(Recorded data begins)
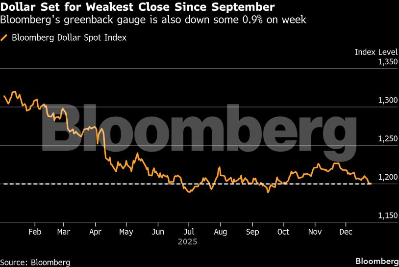 Ο δείκτης Bloomberg Dollar Spot υποχώρησε ελαφρά την Παρασκευή και σε επίπεδο εβδομάδας εμφανίζει πτώση περίπου 0,8%. Σε ετήσια βάση, η πτώση προσεγγίζει το 8%, γεγονός που —εφόσον επιβεβαιωθεί— θα συνιστά τη μεγαλύτερη ετήσια υποχώρηση από το 2017. Το αμερικανικό νόμισμα οδεύει επίσης προς το χαμηλότερο κλείσιμό του από τον Σεπτέμβριο, ενώ νομίσματα με μεγαλύτερη ευαισθησία στον κίνδυνο, όπως το αυστραλιανό δολάριο και η νορβηγική κορόνα, κατέγραψαν τις ισχυρότερες εβδομαδιαίες αποδόσεις έναντι του δολαρίου.
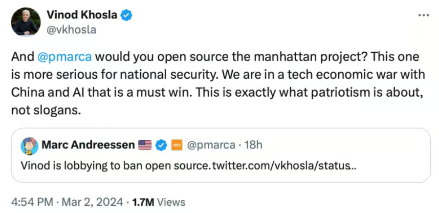 “Would you open source the Manhattan Project?” Khosla fired back.
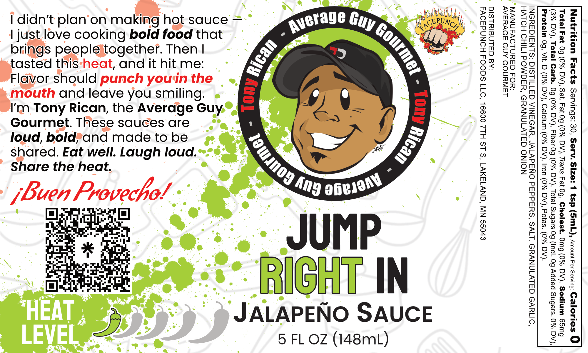 Get ready to dive into flavor! Jump Right In is my go-to green sauce when I want a little heat and a whole lot of awesome. This isn’t your average verde — we skipped the tomatillos and let fresh jalapeños, Hatch green chile powder, and bold spices do all the talking.
(Recorded data ends)
Write the material above out again exactly as it reads, but don't carry over the pictures.

 Ο δείκτης Bloomberg Dollar Spot υποχώρησε ελαφρά την Παρασκευή και σε επίπεδο εβδομάδας εμφανίζει πτώση περίπου 0,8%. Σε ετήσια βάση, η πτώση προσεγγίζει το 8%, γεγονός που —εφόσον επιβεβαιωθεί— θα συνιστά τη μεγαλύτερη ετήσια υποχώρηση από το 2017. Το αμερικανικό νόμισμα οδεύει επίσης προς το χαμηλότερο κλείσιμό του από τον Σεπτέμβριο, ενώ νομίσματα με μεγαλύτερη ευαισθησία στον κίνδυνο, όπως το αυστραλιανό δολάριο και η νορβηγική κορόνα, κατέγραψαν τις ισχυρότερες εβδομαδιαίες αποδόσεις έναντι του δολαρίου.
 “Would you open source the Manhattan Project?” Khosla fired back.
 Get ready to dive into flavor! Jump Right In is my go-to green sauce when I want a little heat and a whole lot of awesome. This isn’t your average verde — we skipped the tomatillos and let fresh jalapeños, Hatch green chile powder, and bold spices do all the talking.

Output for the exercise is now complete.